● **Required action**: Return the run of lines below that opens with the line containing "걸그룹 다이아가 10일" and closes with the line containing "YashanDB集群首席架构", keeping each one exact.

[Task material — start]

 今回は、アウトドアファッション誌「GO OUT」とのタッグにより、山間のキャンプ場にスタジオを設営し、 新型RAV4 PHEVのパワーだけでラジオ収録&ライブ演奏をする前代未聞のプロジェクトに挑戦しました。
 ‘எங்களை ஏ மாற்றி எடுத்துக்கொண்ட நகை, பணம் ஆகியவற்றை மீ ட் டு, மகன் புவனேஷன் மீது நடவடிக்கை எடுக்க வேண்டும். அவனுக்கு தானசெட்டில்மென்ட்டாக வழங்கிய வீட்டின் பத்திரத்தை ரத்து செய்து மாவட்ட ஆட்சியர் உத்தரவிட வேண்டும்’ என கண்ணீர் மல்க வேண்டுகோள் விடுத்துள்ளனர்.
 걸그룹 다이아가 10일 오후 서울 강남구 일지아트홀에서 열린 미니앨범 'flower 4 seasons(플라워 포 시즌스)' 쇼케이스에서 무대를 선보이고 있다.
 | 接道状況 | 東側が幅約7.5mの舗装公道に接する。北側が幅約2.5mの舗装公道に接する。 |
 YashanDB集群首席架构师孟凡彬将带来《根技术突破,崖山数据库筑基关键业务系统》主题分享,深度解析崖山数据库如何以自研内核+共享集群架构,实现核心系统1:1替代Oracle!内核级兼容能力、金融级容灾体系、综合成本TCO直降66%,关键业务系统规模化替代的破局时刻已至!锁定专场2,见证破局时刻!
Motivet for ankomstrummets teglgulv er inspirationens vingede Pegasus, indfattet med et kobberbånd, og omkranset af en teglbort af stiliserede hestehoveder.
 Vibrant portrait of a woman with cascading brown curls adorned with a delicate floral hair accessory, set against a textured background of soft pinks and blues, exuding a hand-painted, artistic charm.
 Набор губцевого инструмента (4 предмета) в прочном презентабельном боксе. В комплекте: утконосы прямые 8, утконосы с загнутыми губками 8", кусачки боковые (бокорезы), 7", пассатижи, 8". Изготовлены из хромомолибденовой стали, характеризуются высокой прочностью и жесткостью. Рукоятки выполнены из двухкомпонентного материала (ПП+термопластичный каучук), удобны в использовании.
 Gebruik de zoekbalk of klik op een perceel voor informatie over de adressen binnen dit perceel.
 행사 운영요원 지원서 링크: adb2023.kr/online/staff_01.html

[Task material — finish]

● **Task output**:
 걸그룹 다이아가 10일 오후 서울 강남구 일지아트홀에서 열린 미니앨범 'flower 4 seasons(플라워 포 시즌스)' 쇼케이스에서 무대를 선보이고 있다.
 | 接道状況 | 東側が幅約7.5mの舗装公道に接する。北側が幅約2.5mの舗装公道に接する。 |
 YashanDB集群首席架构师孟凡彬将带来《根技术突破,崖山数据库筑基关键业务系统》主题分享,深度解析崖山数据库如何以自研内核+共享集群架构,实现核心系统1:1替代Oracle!内核级兼容能力、金融级容灾体系、综合成本TCO直降66%,关键业务系统规模化替代的破局时刻已至!锁定专场2,见证破局时刻!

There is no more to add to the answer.